START EXERCISE MATERIALS

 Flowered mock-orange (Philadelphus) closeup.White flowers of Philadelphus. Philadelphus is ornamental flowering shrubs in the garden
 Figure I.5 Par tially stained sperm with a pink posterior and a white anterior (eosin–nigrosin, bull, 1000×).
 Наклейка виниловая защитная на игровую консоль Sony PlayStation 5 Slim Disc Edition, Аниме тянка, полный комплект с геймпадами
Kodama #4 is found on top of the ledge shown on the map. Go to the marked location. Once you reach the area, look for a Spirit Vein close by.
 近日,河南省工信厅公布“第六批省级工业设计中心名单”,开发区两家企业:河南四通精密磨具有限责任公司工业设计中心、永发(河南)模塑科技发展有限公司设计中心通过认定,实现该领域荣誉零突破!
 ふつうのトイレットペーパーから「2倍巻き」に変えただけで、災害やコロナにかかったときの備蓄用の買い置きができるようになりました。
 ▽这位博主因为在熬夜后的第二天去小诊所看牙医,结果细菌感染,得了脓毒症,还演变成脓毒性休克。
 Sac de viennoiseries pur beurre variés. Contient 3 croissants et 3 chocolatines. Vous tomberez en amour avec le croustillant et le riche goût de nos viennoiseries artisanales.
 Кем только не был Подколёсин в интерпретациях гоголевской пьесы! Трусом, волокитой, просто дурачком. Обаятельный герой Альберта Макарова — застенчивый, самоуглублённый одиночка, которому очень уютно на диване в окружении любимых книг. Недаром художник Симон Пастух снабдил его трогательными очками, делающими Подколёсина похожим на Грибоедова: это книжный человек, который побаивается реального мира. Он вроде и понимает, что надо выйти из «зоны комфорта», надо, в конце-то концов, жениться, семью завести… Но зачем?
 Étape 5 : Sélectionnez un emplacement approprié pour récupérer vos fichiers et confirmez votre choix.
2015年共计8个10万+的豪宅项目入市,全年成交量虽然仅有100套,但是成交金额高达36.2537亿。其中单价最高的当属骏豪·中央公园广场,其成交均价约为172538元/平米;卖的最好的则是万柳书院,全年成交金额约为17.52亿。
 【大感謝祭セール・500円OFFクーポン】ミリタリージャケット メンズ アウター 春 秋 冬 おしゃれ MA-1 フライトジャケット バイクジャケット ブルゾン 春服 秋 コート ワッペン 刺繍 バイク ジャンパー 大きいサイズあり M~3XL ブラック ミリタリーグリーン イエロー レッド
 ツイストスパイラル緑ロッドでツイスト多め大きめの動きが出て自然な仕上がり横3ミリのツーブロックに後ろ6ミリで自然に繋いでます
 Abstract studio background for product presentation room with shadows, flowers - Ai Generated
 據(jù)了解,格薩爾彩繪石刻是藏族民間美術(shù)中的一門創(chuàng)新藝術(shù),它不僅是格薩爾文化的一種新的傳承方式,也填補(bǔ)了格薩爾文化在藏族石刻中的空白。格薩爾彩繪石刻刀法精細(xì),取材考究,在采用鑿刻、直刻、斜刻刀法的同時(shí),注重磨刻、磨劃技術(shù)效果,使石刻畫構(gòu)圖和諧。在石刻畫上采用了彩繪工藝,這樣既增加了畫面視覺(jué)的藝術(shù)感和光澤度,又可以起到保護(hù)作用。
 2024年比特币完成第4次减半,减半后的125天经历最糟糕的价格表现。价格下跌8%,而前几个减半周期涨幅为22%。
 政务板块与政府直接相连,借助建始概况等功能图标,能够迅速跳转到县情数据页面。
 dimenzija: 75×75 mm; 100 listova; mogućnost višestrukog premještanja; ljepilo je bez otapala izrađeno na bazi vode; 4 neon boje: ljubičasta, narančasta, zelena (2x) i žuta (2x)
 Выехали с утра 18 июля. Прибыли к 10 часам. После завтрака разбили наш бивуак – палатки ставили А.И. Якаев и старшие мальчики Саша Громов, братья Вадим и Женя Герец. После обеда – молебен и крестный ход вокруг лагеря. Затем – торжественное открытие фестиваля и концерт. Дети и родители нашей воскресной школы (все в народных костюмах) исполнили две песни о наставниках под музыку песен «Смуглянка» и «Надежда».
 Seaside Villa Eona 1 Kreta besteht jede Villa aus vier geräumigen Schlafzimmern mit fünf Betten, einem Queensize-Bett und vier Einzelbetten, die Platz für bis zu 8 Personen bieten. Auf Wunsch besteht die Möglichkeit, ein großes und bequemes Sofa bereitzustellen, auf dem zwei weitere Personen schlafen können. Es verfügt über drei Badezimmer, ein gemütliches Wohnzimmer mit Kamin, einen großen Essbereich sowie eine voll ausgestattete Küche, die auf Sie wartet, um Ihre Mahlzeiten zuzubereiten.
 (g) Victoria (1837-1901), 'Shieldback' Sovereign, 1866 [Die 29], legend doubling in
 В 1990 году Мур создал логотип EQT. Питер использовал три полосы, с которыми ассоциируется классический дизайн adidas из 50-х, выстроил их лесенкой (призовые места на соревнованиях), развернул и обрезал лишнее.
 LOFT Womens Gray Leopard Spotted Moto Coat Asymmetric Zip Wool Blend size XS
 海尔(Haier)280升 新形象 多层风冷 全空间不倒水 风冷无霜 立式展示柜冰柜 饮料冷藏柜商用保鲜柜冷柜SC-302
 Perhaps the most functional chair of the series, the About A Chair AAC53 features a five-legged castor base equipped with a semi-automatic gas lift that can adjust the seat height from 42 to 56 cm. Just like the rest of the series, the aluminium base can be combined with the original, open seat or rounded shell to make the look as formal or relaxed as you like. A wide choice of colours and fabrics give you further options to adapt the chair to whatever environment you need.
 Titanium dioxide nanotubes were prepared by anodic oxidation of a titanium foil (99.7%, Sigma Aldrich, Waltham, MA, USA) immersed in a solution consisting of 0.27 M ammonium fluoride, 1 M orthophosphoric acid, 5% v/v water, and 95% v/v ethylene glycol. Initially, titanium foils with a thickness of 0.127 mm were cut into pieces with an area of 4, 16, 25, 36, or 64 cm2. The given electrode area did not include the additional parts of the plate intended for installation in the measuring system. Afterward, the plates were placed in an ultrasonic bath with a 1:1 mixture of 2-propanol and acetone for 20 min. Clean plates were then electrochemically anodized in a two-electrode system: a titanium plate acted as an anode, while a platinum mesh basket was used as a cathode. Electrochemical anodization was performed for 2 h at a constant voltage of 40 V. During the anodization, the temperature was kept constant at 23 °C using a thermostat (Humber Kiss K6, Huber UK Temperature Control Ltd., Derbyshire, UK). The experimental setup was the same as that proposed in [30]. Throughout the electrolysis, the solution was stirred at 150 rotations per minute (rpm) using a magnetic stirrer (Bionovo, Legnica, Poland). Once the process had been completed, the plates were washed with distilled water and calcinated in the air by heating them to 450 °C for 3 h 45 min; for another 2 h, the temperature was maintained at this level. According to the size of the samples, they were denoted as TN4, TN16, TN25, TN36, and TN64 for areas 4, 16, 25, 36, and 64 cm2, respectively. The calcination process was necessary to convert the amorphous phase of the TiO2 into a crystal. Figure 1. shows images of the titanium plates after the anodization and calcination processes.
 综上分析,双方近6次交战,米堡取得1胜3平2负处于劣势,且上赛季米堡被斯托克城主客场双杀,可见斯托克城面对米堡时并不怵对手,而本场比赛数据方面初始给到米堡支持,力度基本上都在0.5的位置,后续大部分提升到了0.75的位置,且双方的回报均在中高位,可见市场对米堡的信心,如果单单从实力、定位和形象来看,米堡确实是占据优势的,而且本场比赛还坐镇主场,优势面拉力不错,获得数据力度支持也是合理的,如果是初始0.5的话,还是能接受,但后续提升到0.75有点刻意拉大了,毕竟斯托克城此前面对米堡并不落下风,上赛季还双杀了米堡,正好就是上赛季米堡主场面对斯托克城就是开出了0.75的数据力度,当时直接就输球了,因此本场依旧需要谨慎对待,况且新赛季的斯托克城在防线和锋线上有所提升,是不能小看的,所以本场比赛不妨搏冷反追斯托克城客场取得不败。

END EXERCISE MATERIALS

▶ **YOUR GOAL**
The answer should contain only the lines from the first line of the entries through the line holding "Figure I.5 Par", each exactly as written.

▶ **RESULT**
 Flowered mock-orange (Philadelphus) closeup.White flowers of Philadelphus. Philadelphus is ornamental flowering shrubs in the garden
 Figure I.5 Par tially stained sperm with a pink posterior and a white anterior (eosin–nigrosin, bull, 1000×).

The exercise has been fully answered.